What is pension term assurance?+
Pension term assurance (PTA) is a life-cover policy approved by Revenue under section 785 TCA 1997, written within the RAC regime. Premiums qualify for income-tax relief at the policyholder's marginal rate — typically 40% for higher-rate taxpayers.
Who qualifies for pension term assurance in Ireland?+
PTA is available to self-employed individuals and PAYE employees whose income is non-pensionable — meaning they are not active members of an employer-sponsored occupational pension scheme. Eligibility must be confirmed with a qualified financial adviser.
Does PTA affect my pension contribution limit?+
Yes. PTA premiums count against the age-related Revenue contribution limits that apply to RAC and PRSA contributions. The combined total of all pension contributions — including PTA premiums — must not exceed the relevant age-band limit.
What is the age 75 ceiling for PTA?+
Revenue rules require that a PTA policy must expire no later than age 75. A 50-year-old can take a maximum 25-year PTA term; a 60-year-old a maximum 15-year term. For protection beyond age 75, ordinary term assurance is required.
Can PTA be assigned to a mortgage lender?+
No. Because PTA is written within the RAC regime, Revenue restrictions prevent assignment to a third-party lender as mortgage security. Ordinary mortgage protection or decreasing term assurance must be used for lender assignment.
What happens if I join a company pension scheme after taking out PTA?+
If you join an employer pension scheme and your income becomes pensionable, you will generally lose eligibility for tax relief on PTA premiums going forward. The policy can usually remain in force but premiums will no longer qualify for tax relief.

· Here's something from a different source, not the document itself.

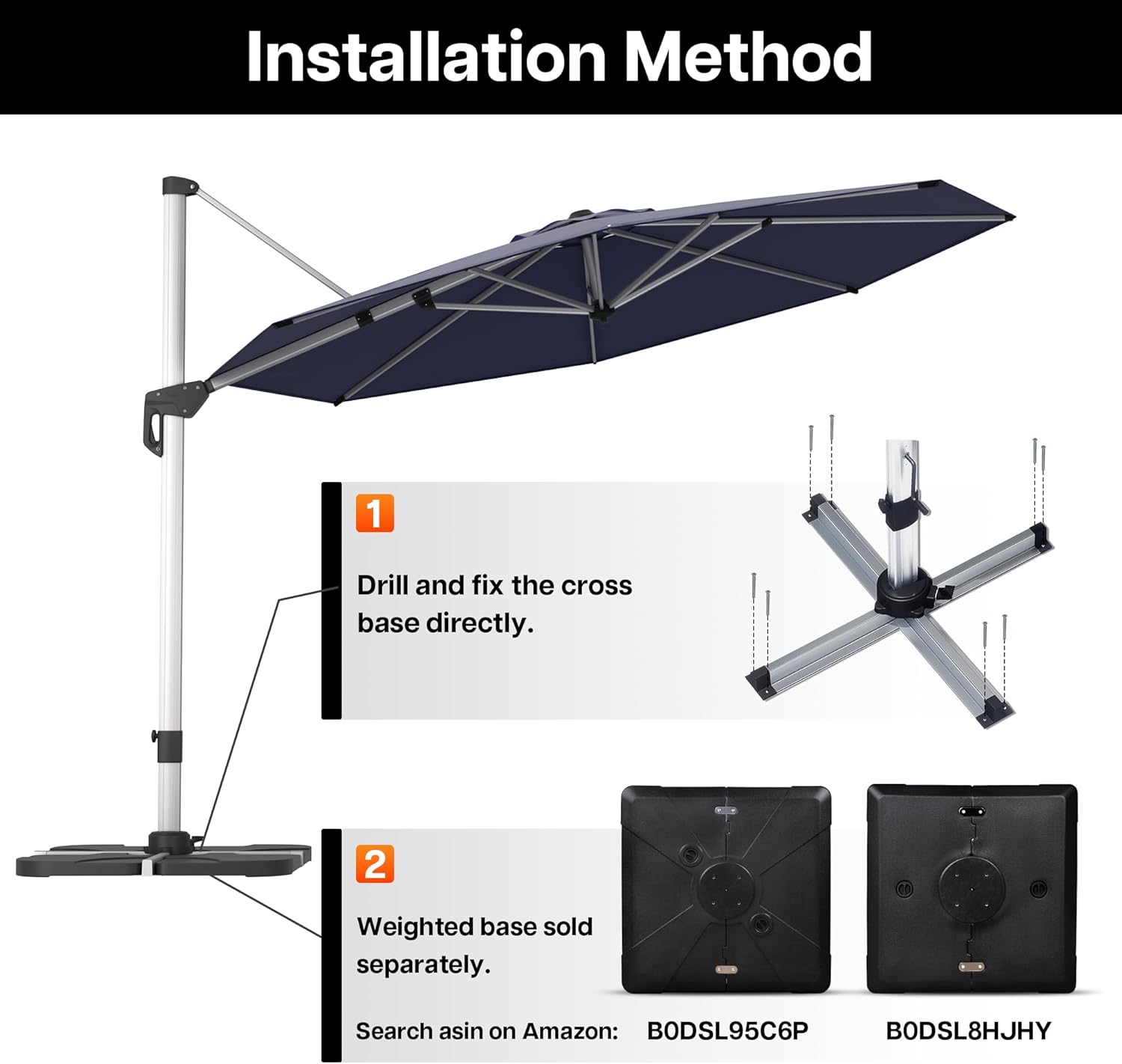 - 360-Degree Rotation & Easy Gliding: A built-in cross base is compatible with 4-piece weighted umbrella stands. Step on the pedal and turn the sturdy aluminum pole to your desired position.

Review the position with a qualified adviser if your employment circumstances change.
DM

Donal Milmo-Penny

QFA FLIA · Research Lead, mylife.ie · SMP Financial Ltd

20+

years in protection planning

QFA FLIA

professional qualifications

PIBA Chair

former President, PIBA

Donal is a founding partner of SMP Financial with over 20 years' experience advising Irish individuals, families and business owners on life assurance and protection planning. He has served as President of PIBA, Director of Brokers Ireland, and as a member of Brokers Ireland's Legislation and Compliance Committee.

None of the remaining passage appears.